Exercise instructions:
Range to reproduce from the entries below: the line with "Female Cute Small", the line with "Oui, même les", and every line in between. Give them exactly and give nothing else.
[Opening Provided records section]
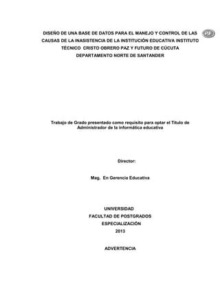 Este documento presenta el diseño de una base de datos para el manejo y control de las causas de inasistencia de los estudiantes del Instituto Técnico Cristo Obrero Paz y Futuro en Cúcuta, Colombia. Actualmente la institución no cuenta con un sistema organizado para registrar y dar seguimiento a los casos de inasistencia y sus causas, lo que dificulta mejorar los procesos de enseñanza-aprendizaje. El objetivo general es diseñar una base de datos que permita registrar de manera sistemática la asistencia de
[Closing Provided records section]
[Opening Provided records section]
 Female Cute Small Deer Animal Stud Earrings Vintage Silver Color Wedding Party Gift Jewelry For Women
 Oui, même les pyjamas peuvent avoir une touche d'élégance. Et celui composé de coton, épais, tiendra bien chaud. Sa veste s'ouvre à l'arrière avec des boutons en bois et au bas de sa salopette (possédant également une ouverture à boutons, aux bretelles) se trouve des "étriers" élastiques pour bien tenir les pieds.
[Closing Provided records section]
Solution for this task:
 Female Cute Small Deer Animal Stud Earrings Vintage Silver Color Wedding Party Gift Jewelry For Women
 Oui, même les pyjamas peuvent avoir une touche d'élégance. Et celui composé de coton, épais, tiendra bien chaud. Sa veste s'ouvre à l'arrière avec des boutons en bois et au bas de sa salopette (possédant également une ouverture à boutons, aux bretelles) se trouve des "étriers" élastiques pour bien tenir les pieds.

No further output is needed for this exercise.